Theaternachwuchs ausgezeichnet

Der Sieg ging heuer an das Vordiplomstück „Froh ist der Schlag unserer Herzen“ von Jana Weichelt.
Der Sieg ging heuer an das Vordiplomstück „Froh ist der Schlag unserer Herzen“ von Jana Weichelt.

Homunculus: „Rudolf-von-Ems-Preis“ geht an Berliner Puppenspielerin. Neuigkeiten zur Intendanz präsentiert.

Hohenems. Mit insgesamt 3100 Besuchern in 20 Veranstaltungen kann sich das Festival „Homunculus“ über regen Zuspruch freuen. Am Mittwochabend stand die Vergabe des vom Figurentheaterfestival Homunculus ins Leben gerufene und von der Stadt Hohenems gesponserte „Rudolf-von-Ems-Preis“ für junge talentierte Theatermacher auf dem Programm. Der Sieg ging heuer an das Vordiplomstück „Froh ist der Schlag unserer Herzen“ von Jana Weichelt, Puppenspielabsolventin der Hochschule für Schauspielkunst Ernst Busch in Berlin. Ihre Zeitreise in die DDR-Pioniervergangenheit wandelt sich rasch zur schrägen Schneewittchen-Geschichte. Hier nascht Eiskunstläuferin Katarina Witt statt des vergifteten Apfels eine böse Westbanane, und Karel Gott, eingespielt über den Overheadprojektor, wacht über das Geschehen. Die Siegerin überzeugte laut Jury durch „saubere Performance, den vielschichtigen und wandlungsfähigen Einsatz von Figuren, Masken und Kostümen“.

Letzte Intendanz

Zum Finale gab es auch Neuigkeiten für 2017: Der künstlerische Leiter des seit 25 Jahren in Hohenems stattfindenden Figurentheaterfestivals, wird nächsten Mai seine letzte Intendanz in Hohenems bestreiten. Dies gab Pierre Schäfer am Donnerstag bekannt. „Nach 10 Jahren ist es Zeit, an jemanden anderen zu übergeben. Mein Vertrag endet vereinbarungsgemäß nach dem 26. Festival. Zum Abschied werde ich Homunculus noch eine Welturaufführung schenken – mehr sei noch nicht verraten.“ Wie Geschäftsführer Dieter Heidegger bestätigt, sind bereits Gespräche für einen Nachfolger oder eine Nachfolgerin im Gange: „Die Intendanz von Pierre Schäfer war hervorragend. Er widmet sich nun neuen Projekten und wird, ähnlich wie seine Vorgänger, Homunculus weiter verbunden und wieder zu Gast sein“, freut sich Heidegger. „Wir werden uns nächstes Jahr gebührend bei Pierre Schäfer für seine exzellente Arbeit für Homunculus bedanken“, bestätigt auch Präsident Günter Bucher.
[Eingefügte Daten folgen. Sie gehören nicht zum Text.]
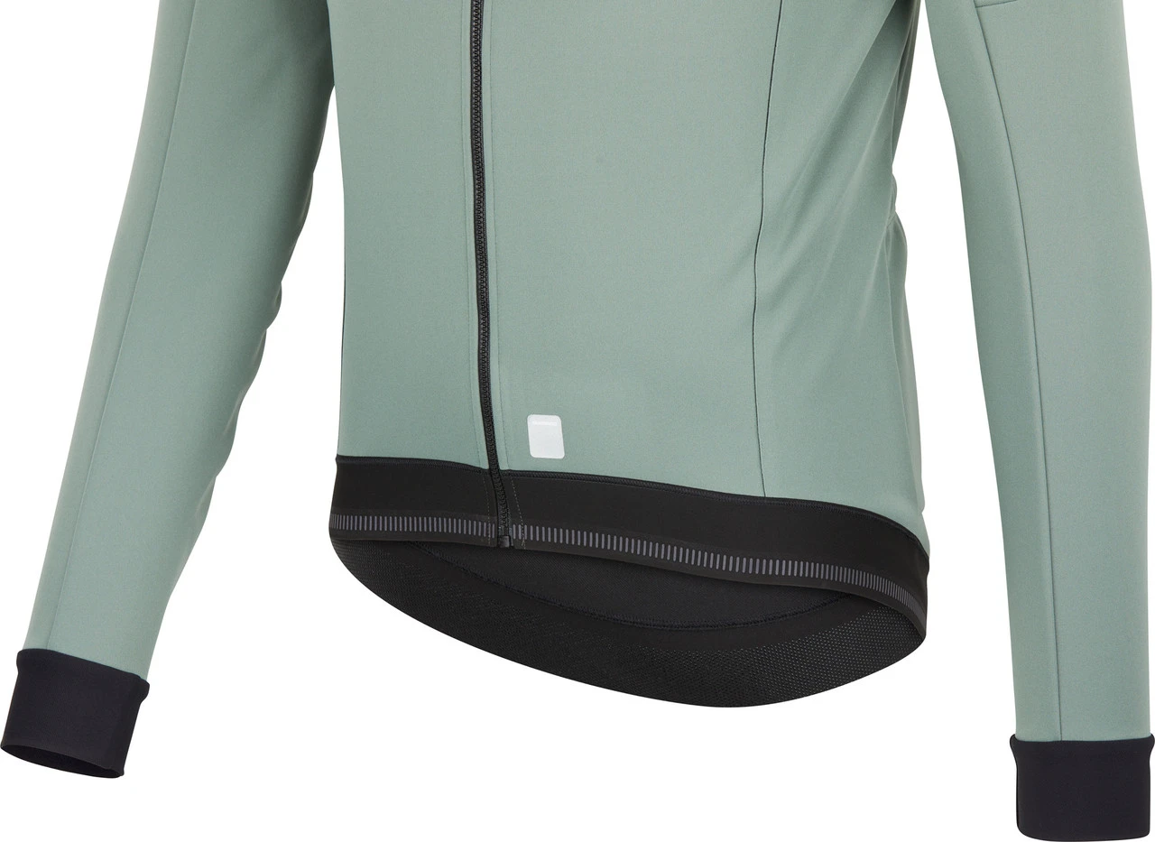 Die Beaufort ist eine winddichte und wasserabweisende Rennradjacke von Shimano, die dank ihrer ergonomischen Passform flatterfrei sitzt, ohne Deine Beweglichkeit einzuschränken. Sie schützt Dich im Frühjahr und Herbst vor ungemütlichem Wetter und hat einen leicht wärmenden Effekt. Die Jacke verfügt über einen hohen, angerauten Kragen, der den Hals gegen Kälte abschirmt. Mit ihren elastischen Ärmelbündchen lässt sie sich leicht anziehen. Außerdem sorgt der Silikonbund für einen sicheren Sitz. An dieser Stelle kommen auch Reflexelemente zum Einsatz, um die Sichtbarkeit im Dunkeln zu erhöhen. Abgerundet wird das Modell durch drei Rückentaschen, eine schweißdichte Innentasche sowie einen Reißverschluss mit Windschutzleiste.

Zum Jubiläum gab es viele Highlights, darunter, wie bereits berichtet, das neue Stück des Theaters Laboratorium „Mary Shelleys Frankenstein“ mit Jonathan Went als traurige Kreatur und Pavel Möller-Lück als Frankensteinpuppe. Echsen-Darsteller Michael Hatzius präsentierte im Rahmen des Festivals ebenfalls sein neues Programm „Echstasy“, bei dem auch eine Zecke eine Hauptrolle spielt. Mit dem Nibelungenstück „Looking for Brunhild“ ging das Festival am Freitagabend ins Finale.

Homunculus 26 findet vom 18. Mai bis 26. Mai 2017 im Löwensaal Hohenems statt.